** Opening Dataset excerpt block **

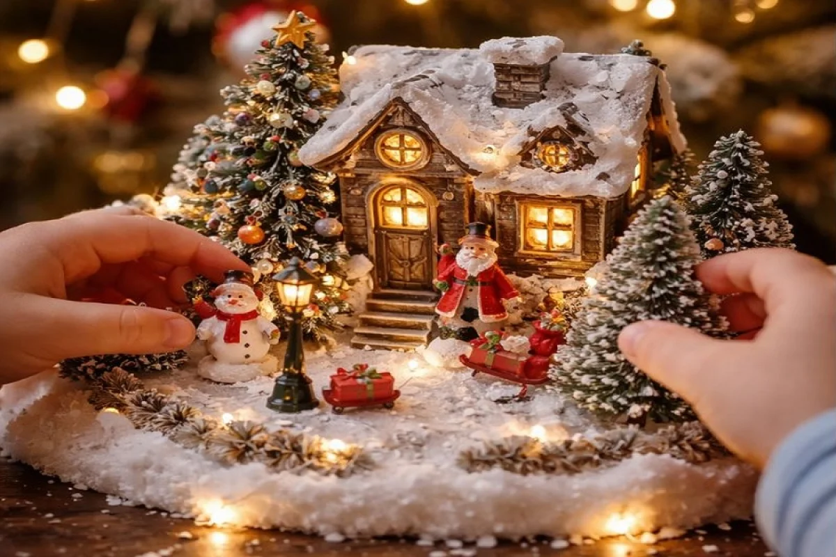 В его мини-городе оживают зимние пейзажи, фабрика ёлочных игрушек и замёрзшее озеро, где дети играют в хоккей. Главный герой праздника – Дед Мороз на санях, завершает волшебную картину.
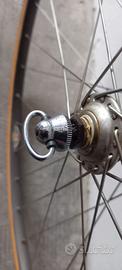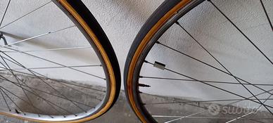 Vendo coppia ruote in ottimo stato perfette per bici da corsa vintage/eroica con le seguenti caratteristiche : mozzi Campagnolo record a 36 fori con cerchi Nisi per tubolari, sganci rapidi originali Campagnolo, tubolari come nuovi e perfettamente incollati, vengono cedute complete di ruota libera Regina extra 6 V scala 13/23
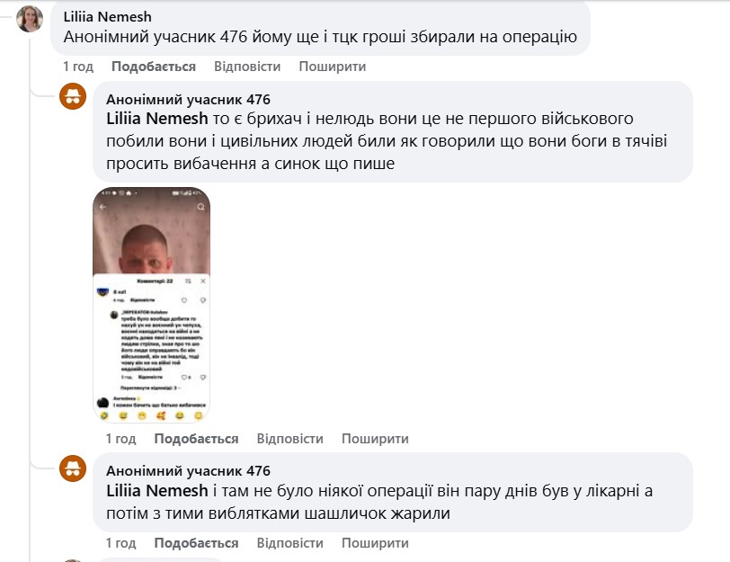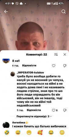 "Ви бляді ублюдки єбучі , Ви знали що то воїн , який пройшов ад , і заслуговує поваги від всіх .Я по відіо бачив які ви садісти , твій смаркач бив наповал , насмерть бітов . Як це можна розцінювати , ви хотіли воїна вбити , або покалічити" - ще один обурливий коментар під дописом.
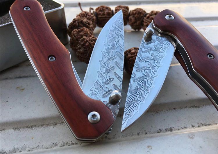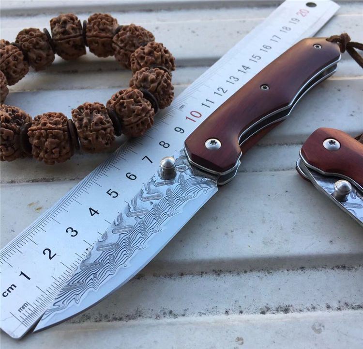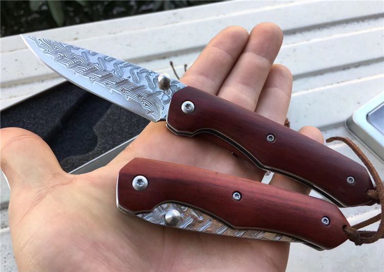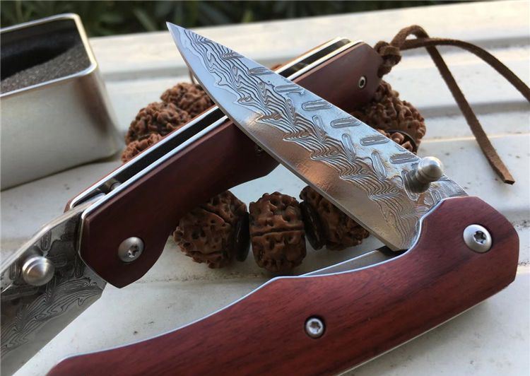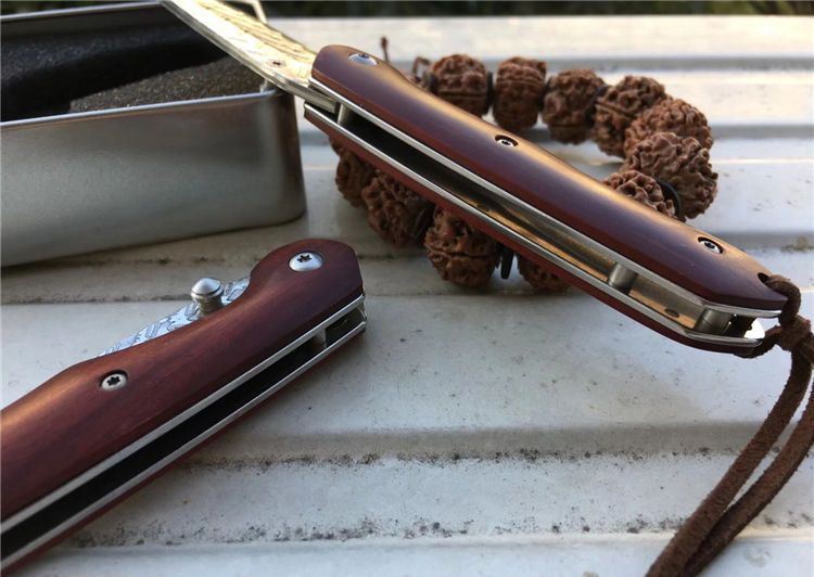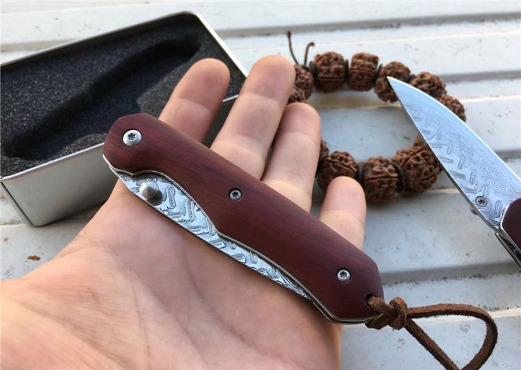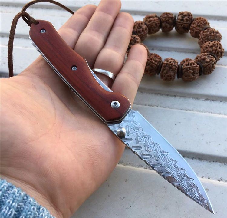 夜鹰大马士革折刀 全长:17cm 刃长:7.5cm 刃厚:2.5mm 刃宽:2.1cm 闭合:9.5cm 硬度:59HRC 裸刀克重:70g

** Closing Dataset excerpt block **

Without the pictures, give every line above again exactly.

• **Result of this task**
 В его мини-городе оживают зимние пейзажи, фабрика ёлочных игрушек и замёрзшее озеро, где дети играют в хоккей. Главный герой праздника – Дед Мороз на санях, завершает волшебную картину.
 Vendo coppia ruote in ottimo stato perfette per bici da corsa vintage/eroica con le seguenti caratteristiche : mozzi Campagnolo record a 36 fori con cerchi Nisi per tubolari, sganci rapidi originali Campagnolo, tubolari come nuovi e perfettamente incollati, vengono cedute complete di ruota libera Regina extra 6 V scala 13/23
 "Ви бляді ублюдки єбучі , Ви знали що то воїн , який пройшов ад , і заслуговує поваги від всіх .Я по відіо бачив які ви садісти , твій смаркач бив наповал , насмерть бітов . Як це можна розцінювати , ви хотіли воїна вбити , або покалічити" - ще один обурливий коментар під дописом.
 夜鹰大马士革折刀 全长:17cm 刃长:7.5cm 刃厚:2.5mm 刃宽:2.1cm 闭合:9.5cm 硬度:59HRC 裸刀克重:70g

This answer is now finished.